My (very few) users were based in Europe, and I felt it important that
they be able to use any special characters in their language. So these
were marked as being alphanumeric in a table of the 256 codes.
This allowed identifiers to use the special characters, although
keywords were in English, with the possibility of using macros to
redefine them. But when I looked their source code, I don't remember
seeing these being used. Maybe they were used to the restrictions of
other languages, or maybe I should have told them about the feature...
(Allowing the end-users to use special characters in their data, and
for filenames, and so on, was another matter with it's own problems.)
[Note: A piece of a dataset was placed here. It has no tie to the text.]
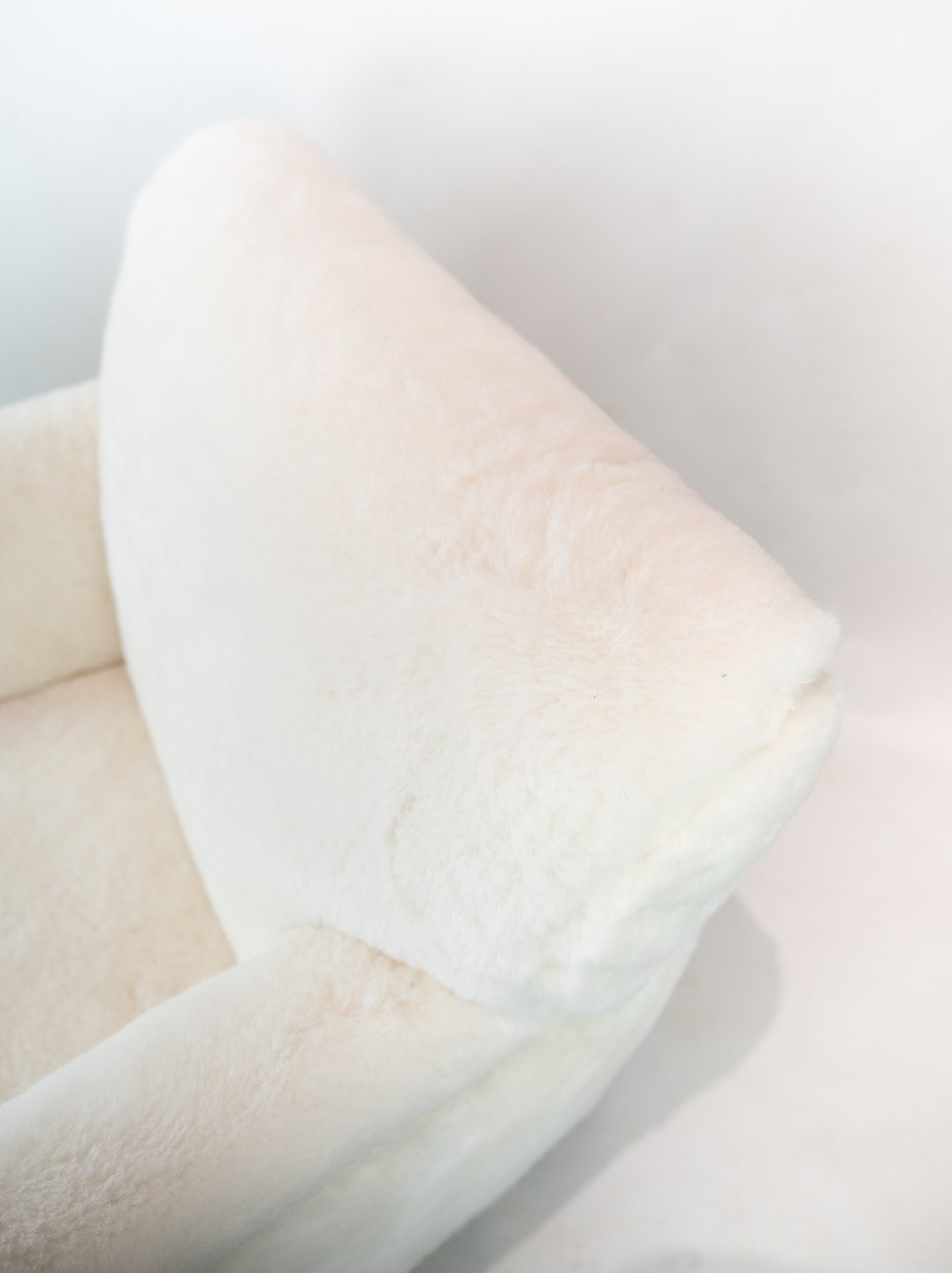 Please contact us for price informationThis charming armchair will add sophisticated elegance to any room. With its newly upholstered seat in soft sheep's wool and beautifully polished wooden legs, the chair offers both comfort and style. It is a timeless classic that perfectly blends traditional design with modern conveniences.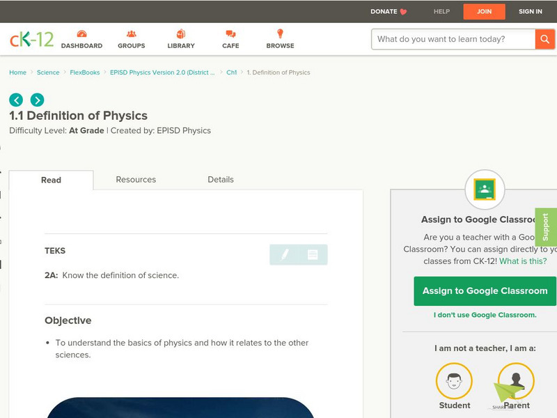 [Free Registration/Login may be required to access all resource tools.] This lesson defines physics and addresses some misconceptions about studying physics. Students will begin to understand the basics of physics and how it relates to...

This was a few years ago and having the possibility of only two 8-bit
character sets made things very easy. However deciding whether a
16-bit or wider character is suitable for an identifier or not I don't
think is too challenging.
Where the identifiers need to be used outside the language (for
linking for example), then that's also a minor problem if the other
system is more restricted. But my language was self-contained.
> 2. What are the most useful development environments in terms of dealing
> with extended character sets?
>
> 3. Visually how well do alternative character sets mesh with a language
> with ASCII keywords and left to right, up and down display, typical of
> most programming languages?
If a source file is considered a stream of 16-bit character codes,
then the visual representation is irrelevant (or at least, someone
else's headache).
> 4. How does the incorporation of the larger character sets affect your
> lexical analysis? Is hash table efficiency affected? Do you have to deal
> with case/accent independence
In my case support consisted of an entry in a table. Very simple. But
it means accented versions of 'A' for example were all considered
different. Better however than treating upper and lower case
differently which usually seems the case.